#### Task requirements:
Please set down exactly the lines from the one containing "As shown in" through the last line of the records below, both included, with no pictures.
(Beginning of Records for this task)
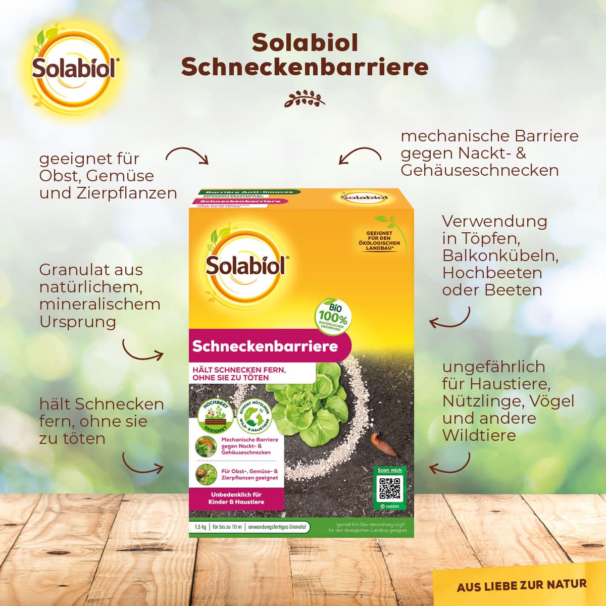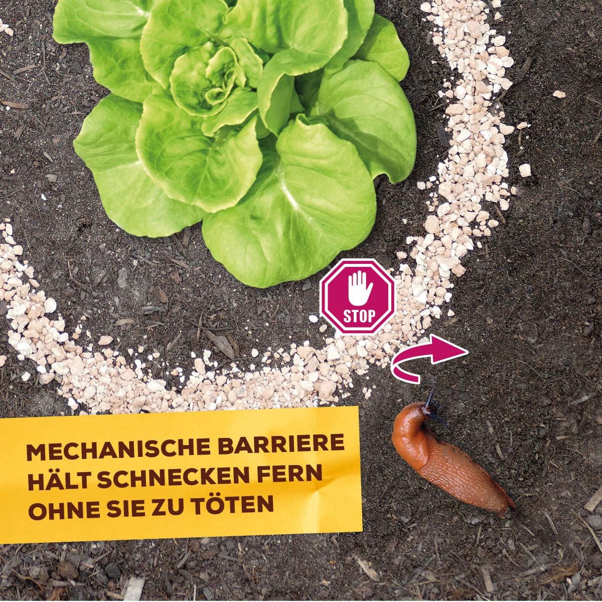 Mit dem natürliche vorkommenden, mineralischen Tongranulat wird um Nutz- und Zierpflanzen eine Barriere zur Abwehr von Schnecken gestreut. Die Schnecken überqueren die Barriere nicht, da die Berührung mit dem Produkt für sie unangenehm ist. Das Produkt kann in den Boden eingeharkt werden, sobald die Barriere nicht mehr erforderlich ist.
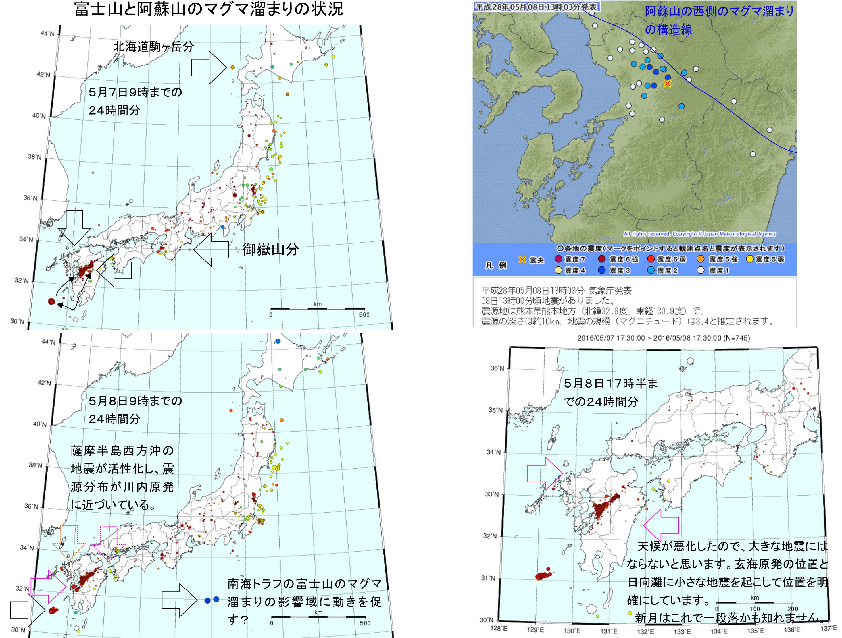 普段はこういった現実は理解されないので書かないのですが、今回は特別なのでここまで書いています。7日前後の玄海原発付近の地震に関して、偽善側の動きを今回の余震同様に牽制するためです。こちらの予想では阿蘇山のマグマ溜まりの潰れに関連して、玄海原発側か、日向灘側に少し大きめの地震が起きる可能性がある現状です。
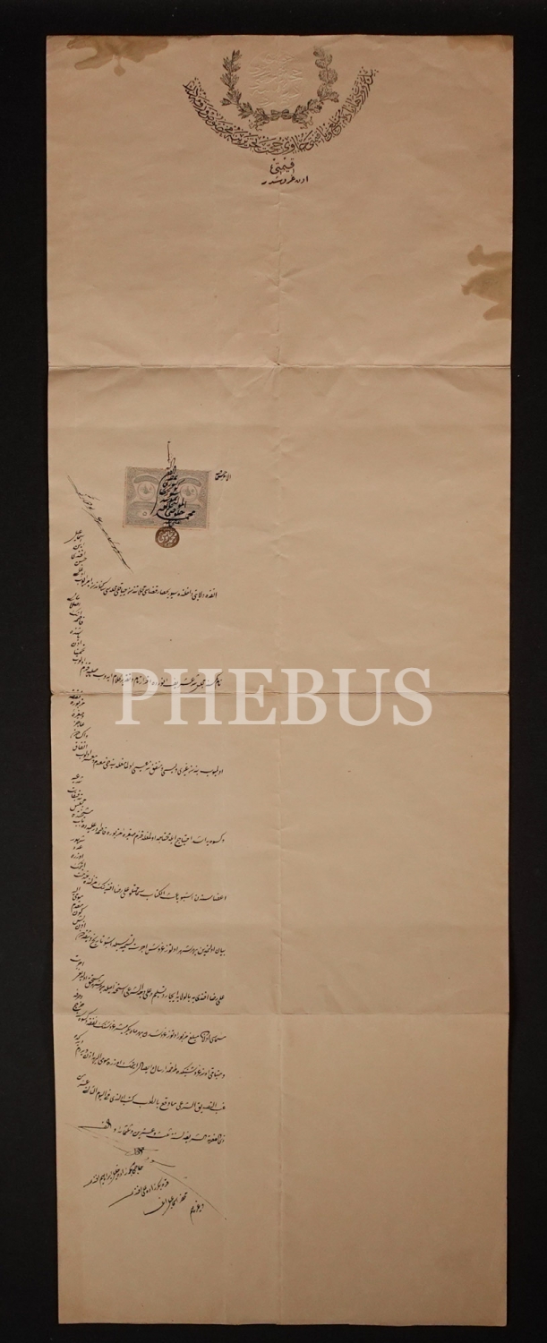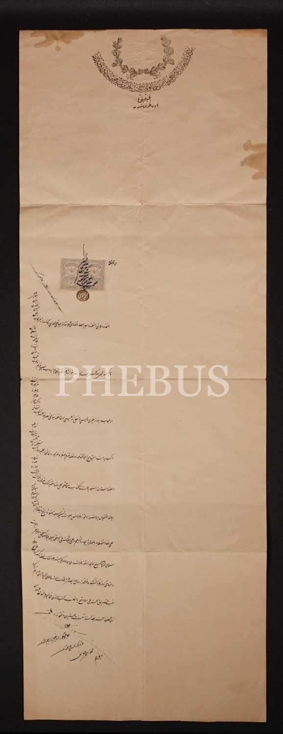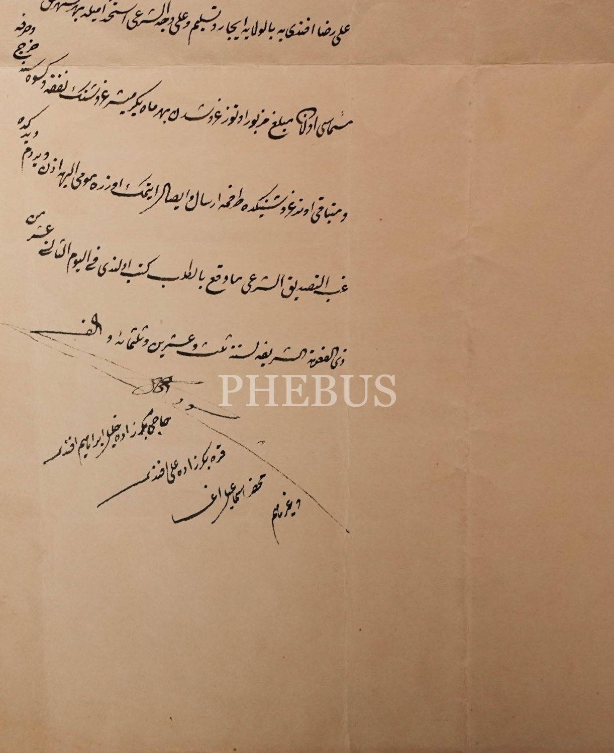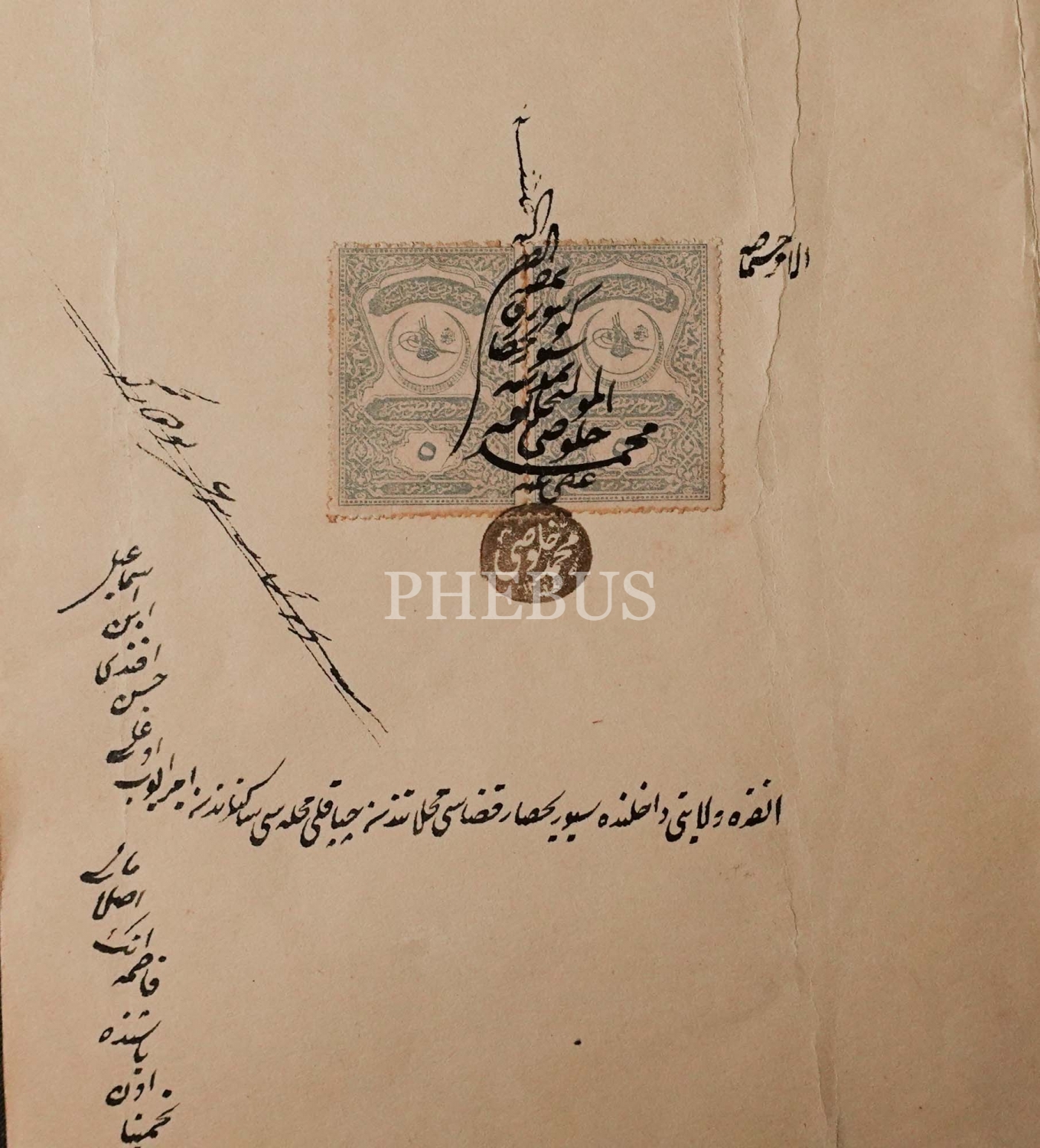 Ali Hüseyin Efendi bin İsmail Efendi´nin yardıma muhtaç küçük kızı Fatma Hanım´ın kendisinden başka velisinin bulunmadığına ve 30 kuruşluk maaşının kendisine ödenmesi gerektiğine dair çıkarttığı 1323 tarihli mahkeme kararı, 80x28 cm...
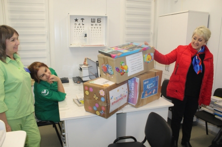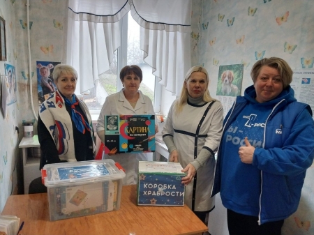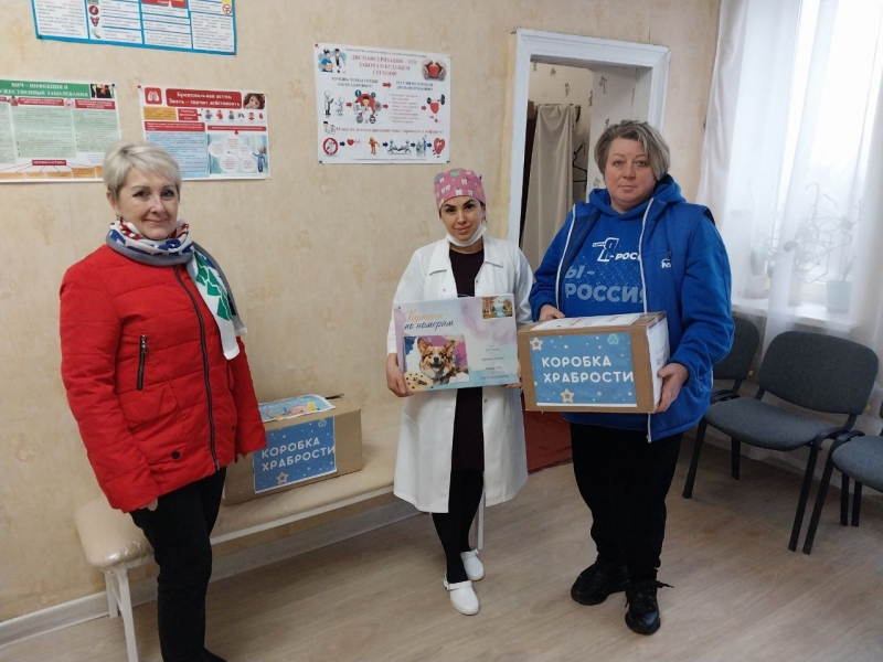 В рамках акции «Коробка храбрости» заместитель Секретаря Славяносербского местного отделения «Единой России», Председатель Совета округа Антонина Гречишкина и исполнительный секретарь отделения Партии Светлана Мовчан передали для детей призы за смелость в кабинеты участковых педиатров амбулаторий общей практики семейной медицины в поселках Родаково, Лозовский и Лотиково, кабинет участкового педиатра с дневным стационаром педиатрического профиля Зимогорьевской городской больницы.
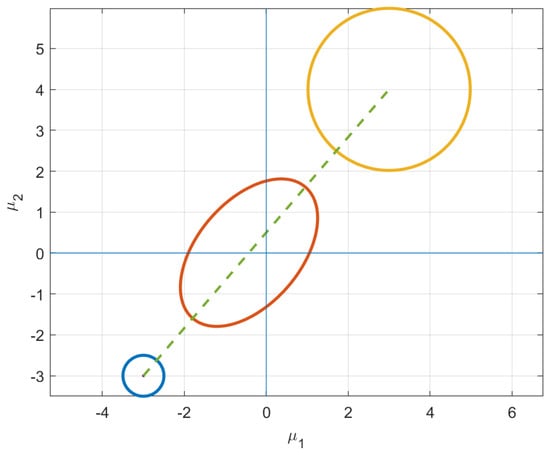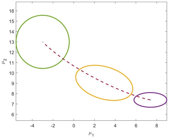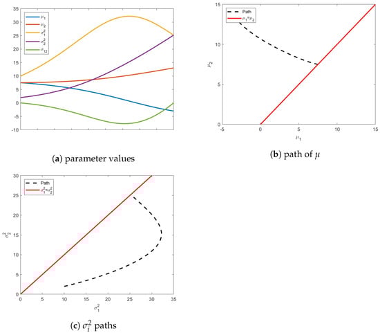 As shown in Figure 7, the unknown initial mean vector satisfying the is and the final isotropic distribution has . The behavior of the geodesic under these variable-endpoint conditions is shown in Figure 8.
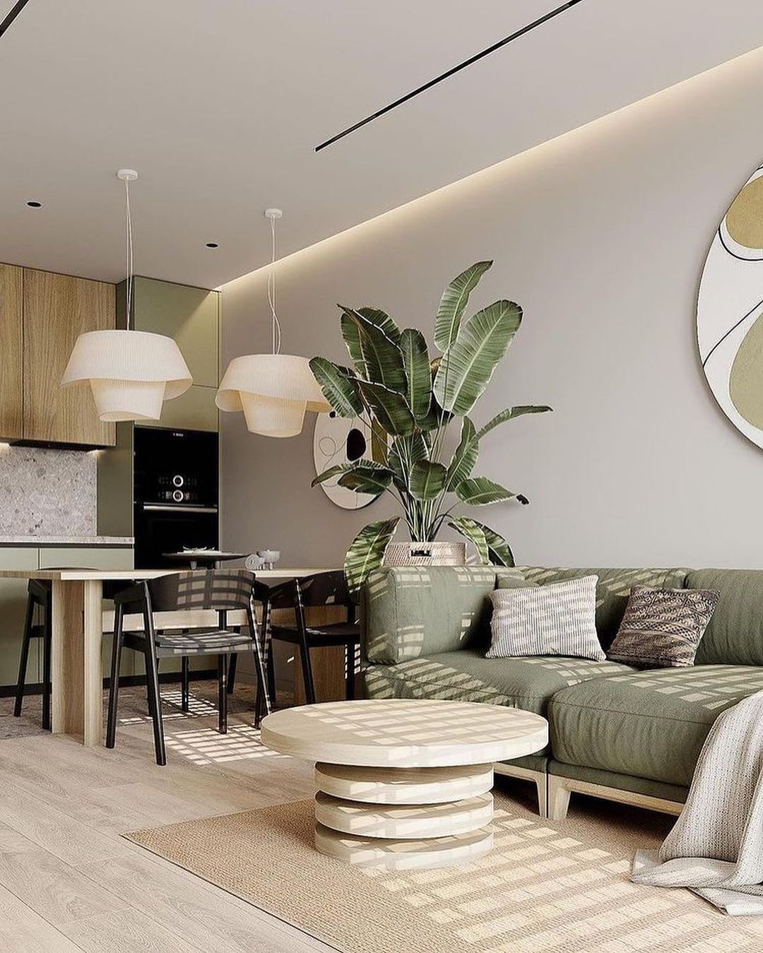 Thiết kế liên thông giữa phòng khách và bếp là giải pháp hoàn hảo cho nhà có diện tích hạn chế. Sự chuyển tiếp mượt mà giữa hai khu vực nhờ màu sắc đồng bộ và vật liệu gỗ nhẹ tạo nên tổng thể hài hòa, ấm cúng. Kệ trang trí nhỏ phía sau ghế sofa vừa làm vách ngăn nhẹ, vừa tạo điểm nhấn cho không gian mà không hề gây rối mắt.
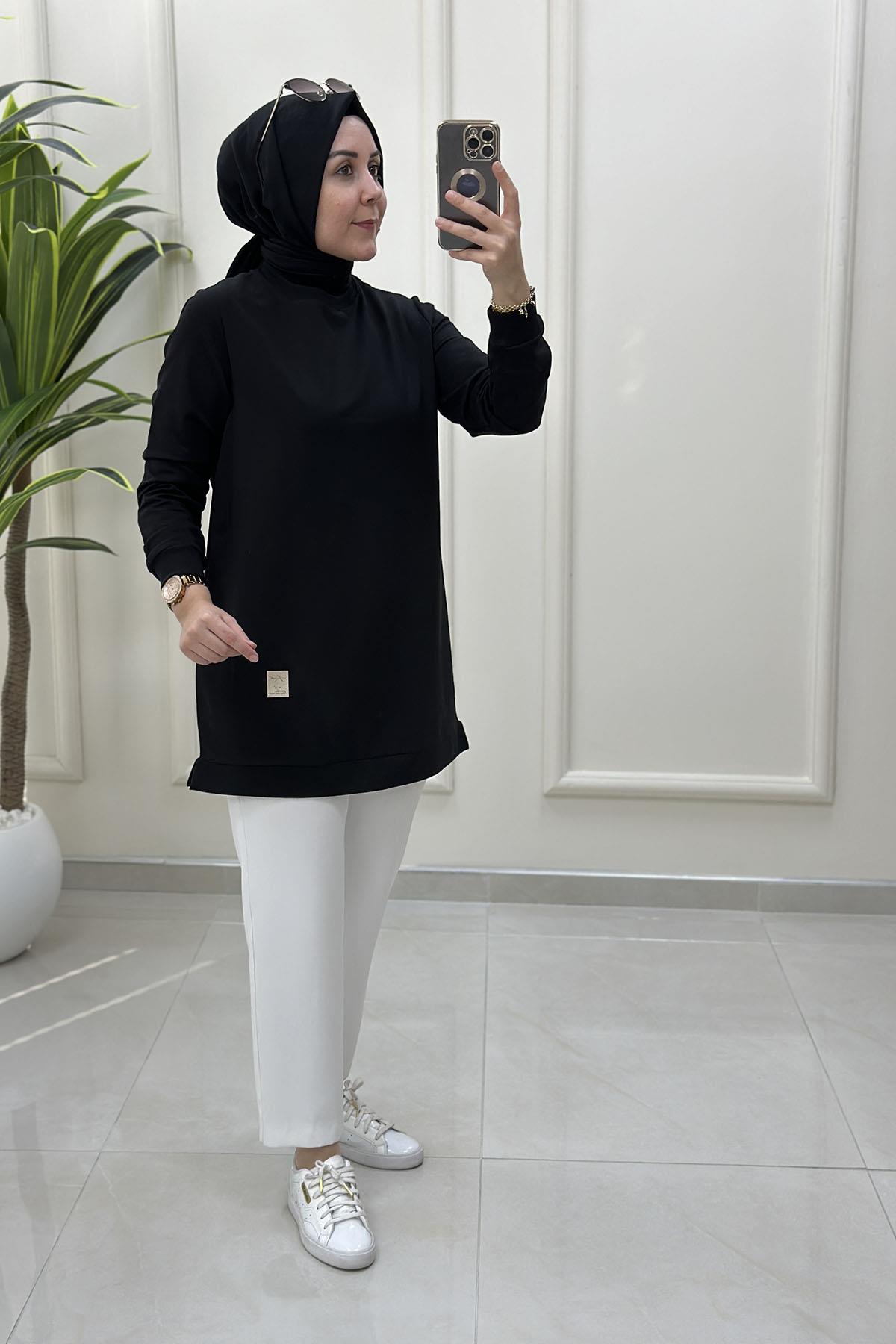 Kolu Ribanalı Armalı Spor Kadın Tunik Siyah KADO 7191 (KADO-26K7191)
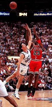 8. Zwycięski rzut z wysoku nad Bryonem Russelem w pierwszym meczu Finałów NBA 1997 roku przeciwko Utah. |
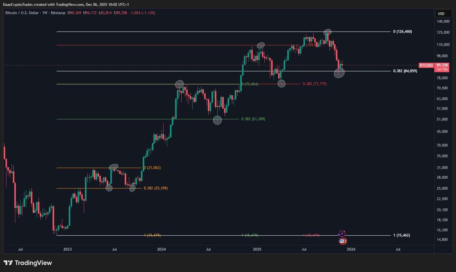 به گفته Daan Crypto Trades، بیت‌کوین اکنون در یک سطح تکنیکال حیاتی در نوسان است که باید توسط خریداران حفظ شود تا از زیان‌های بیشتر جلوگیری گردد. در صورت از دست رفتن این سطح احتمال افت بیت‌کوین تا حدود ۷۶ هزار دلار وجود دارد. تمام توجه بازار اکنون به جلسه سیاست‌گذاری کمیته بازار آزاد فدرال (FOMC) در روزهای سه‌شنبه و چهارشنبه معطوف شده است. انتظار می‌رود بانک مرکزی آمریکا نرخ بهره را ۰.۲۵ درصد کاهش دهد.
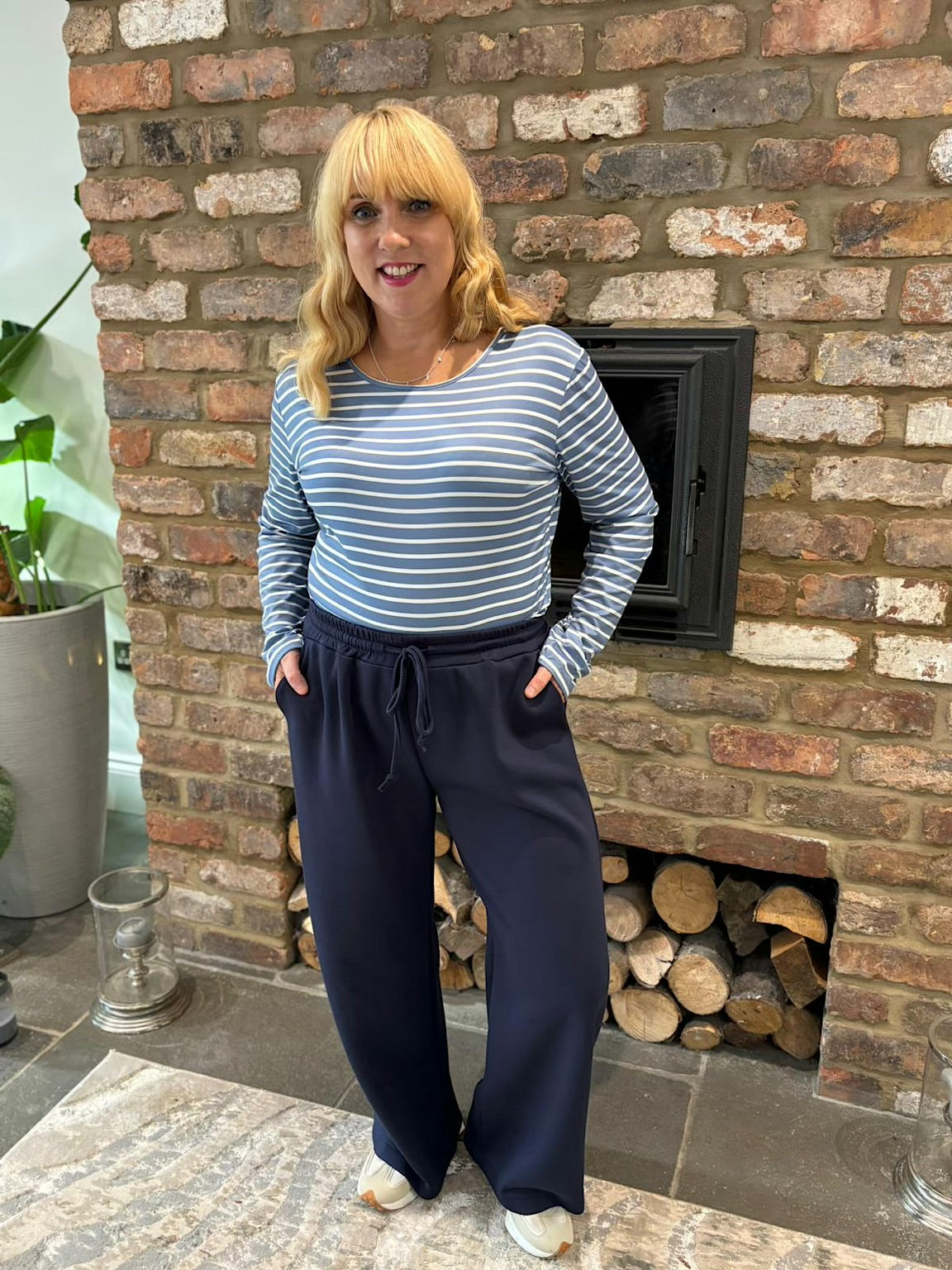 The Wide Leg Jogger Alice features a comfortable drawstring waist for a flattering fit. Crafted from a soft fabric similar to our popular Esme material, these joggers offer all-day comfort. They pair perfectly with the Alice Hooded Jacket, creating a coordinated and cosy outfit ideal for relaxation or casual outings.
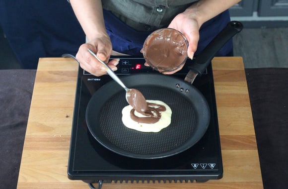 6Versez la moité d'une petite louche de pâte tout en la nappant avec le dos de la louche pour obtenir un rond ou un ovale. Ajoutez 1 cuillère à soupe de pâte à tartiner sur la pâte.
(End of Records for this task)
#### Response to the exercise:
 As shown in Figure 7, the unknown initial mean vector satisfying the is and the final isotropic distribution has . The behavior of the geodesic under these variable-endpoint conditions is shown in Figure 8.
 Thiết kế liên thông giữa phòng khách và bếp là giải pháp hoàn hảo cho nhà có diện tích hạn chế. Sự chuyển tiếp mượt mà giữa hai khu vực nhờ màu sắc đồng bộ và vật liệu gỗ nhẹ tạo nên tổng thể hài hòa, ấm cúng. Kệ trang trí nhỏ phía sau ghế sofa vừa làm vách ngăn nhẹ, vừa tạo điểm nhấn cho không gian mà không hề gây rối mắt.
 Kolu Ribanalı Armalı Spor Kadın Tunik Siyah KADO 7191 (KADO-26K7191)
 8. Zwycięski rzut z wysoku nad Bryonem Russelem w pierwszym meczu Finałów NBA 1997 roku przeciwko Utah. |
 به گفته Daan Crypto Trades، بیت‌کوین اکنون در یک سطح تکنیکال حیاتی در نوسان است که باید توسط خریداران حفظ شود تا از زیان‌های بیشتر جلوگیری گردد. در صورت از دست رفتن این سطح احتمال افت بیت‌کوین تا حدود ۷۶ هزار دلار وجود دارد. تمام توجه بازار اکنون به جلسه سیاست‌گذاری کمیته بازار آزاد فدرال (FOMC) در روزهای سه‌شنبه و چهارشنبه معطوف شده است. انتظار می‌رود بانک مرکزی آمریکا نرخ بهره را ۰.۲۵ درصد کاهش دهد.
 The Wide Leg Jogger Alice features a comfortable drawstring waist for a flattering fit. Crafted from a soft fabric similar to our popular Esme material, these joggers offer all-day comfort. They pair perfectly with the Alice Hooded Jacket, creating a coordinated and cosy outfit ideal for relaxation or casual outings.
 6Versez la moité d'une petite louche de pâte tout en la nappant avec le dos de la louche pour obtenir un rond ou un ovale. Ajoutez 1 cuillère à soupe de pâte à tartiner sur la pâte.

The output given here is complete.